Excerpts from a dataset:
Segment Open
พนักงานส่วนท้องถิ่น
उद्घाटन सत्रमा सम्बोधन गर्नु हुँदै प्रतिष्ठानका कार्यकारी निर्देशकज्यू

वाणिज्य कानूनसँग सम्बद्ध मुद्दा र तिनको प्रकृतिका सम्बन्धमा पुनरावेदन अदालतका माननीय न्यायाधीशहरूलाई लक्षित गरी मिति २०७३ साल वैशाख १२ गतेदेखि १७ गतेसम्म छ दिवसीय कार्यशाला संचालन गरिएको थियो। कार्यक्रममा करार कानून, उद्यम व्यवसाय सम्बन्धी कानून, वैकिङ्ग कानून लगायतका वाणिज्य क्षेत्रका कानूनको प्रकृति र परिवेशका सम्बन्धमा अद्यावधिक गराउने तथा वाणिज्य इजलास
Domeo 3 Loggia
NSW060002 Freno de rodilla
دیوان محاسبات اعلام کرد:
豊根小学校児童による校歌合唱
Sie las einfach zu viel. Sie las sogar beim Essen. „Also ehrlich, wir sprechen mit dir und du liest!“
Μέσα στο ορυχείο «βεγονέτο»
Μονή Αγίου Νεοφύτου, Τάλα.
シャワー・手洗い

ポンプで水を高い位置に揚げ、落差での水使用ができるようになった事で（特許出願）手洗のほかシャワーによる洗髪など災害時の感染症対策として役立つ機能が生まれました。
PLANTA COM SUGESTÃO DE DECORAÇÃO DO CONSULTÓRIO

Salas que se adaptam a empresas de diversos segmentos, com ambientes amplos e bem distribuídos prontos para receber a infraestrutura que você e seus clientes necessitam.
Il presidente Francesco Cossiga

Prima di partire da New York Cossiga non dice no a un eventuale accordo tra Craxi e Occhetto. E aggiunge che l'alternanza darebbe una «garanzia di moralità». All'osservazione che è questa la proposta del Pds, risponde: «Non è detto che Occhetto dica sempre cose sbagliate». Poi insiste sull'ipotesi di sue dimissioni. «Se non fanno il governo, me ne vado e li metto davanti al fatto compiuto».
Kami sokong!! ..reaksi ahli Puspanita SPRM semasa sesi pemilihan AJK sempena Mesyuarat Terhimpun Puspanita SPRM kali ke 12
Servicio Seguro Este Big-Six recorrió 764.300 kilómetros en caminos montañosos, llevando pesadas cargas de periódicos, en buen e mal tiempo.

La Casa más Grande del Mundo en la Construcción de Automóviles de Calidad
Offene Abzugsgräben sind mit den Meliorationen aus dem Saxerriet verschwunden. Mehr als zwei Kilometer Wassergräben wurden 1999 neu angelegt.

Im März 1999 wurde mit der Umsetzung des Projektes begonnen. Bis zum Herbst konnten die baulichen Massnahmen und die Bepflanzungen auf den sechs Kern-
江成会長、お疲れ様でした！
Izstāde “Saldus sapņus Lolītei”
Segment Closed
Action item
Could you copy exactly the line containing "Prima di partire" and each line after it through the end of the records, and nothing else?

Expected answer
Prima di partire da New York Cossiga non dice no a un eventuale accordo tra Craxi e Occhetto. E aggiunge che l'alternanza darebbe una «garanzia di moralità». All'osservazione che è questa la proposta del Pds, risponde: «Non è detto che Occhetto dica sempre cose sbagliate». Poi insiste sull'ipotesi di sue dimissioni. «Se non fanno il governo, me ne vado e li metto davanti al fatto compiuto».
Kami sokong!! ..reaksi ahli Puspanita SPRM semasa sesi pemilihan AJK sempena Mesyuarat Terhimpun Puspanita SPRM kali ke 12
Servicio Seguro Este Big-Six recorrió 764.300 kilómetros en caminos montañosos, llevando pesadas cargas de periódicos, en buen e mal tiempo.

La Casa más Grande del Mundo en la Construcción de Automóviles de Calidad
Offene Abzugsgräben sind mit den Meliorationen aus dem Saxerriet verschwunden. Mehr als zwei Kilometer Wassergräben wurden 1999 neu angelegt.

Im März 1999 wurde mit der Umsetzung des Projektes begonnen. Bis zum Herbst konnten die baulichen Massnahmen und die Bepflanzungen auf den sechs Kern-
江成会長、お疲れ様でした！
Izstāde “Saldus sapņus Lolītei”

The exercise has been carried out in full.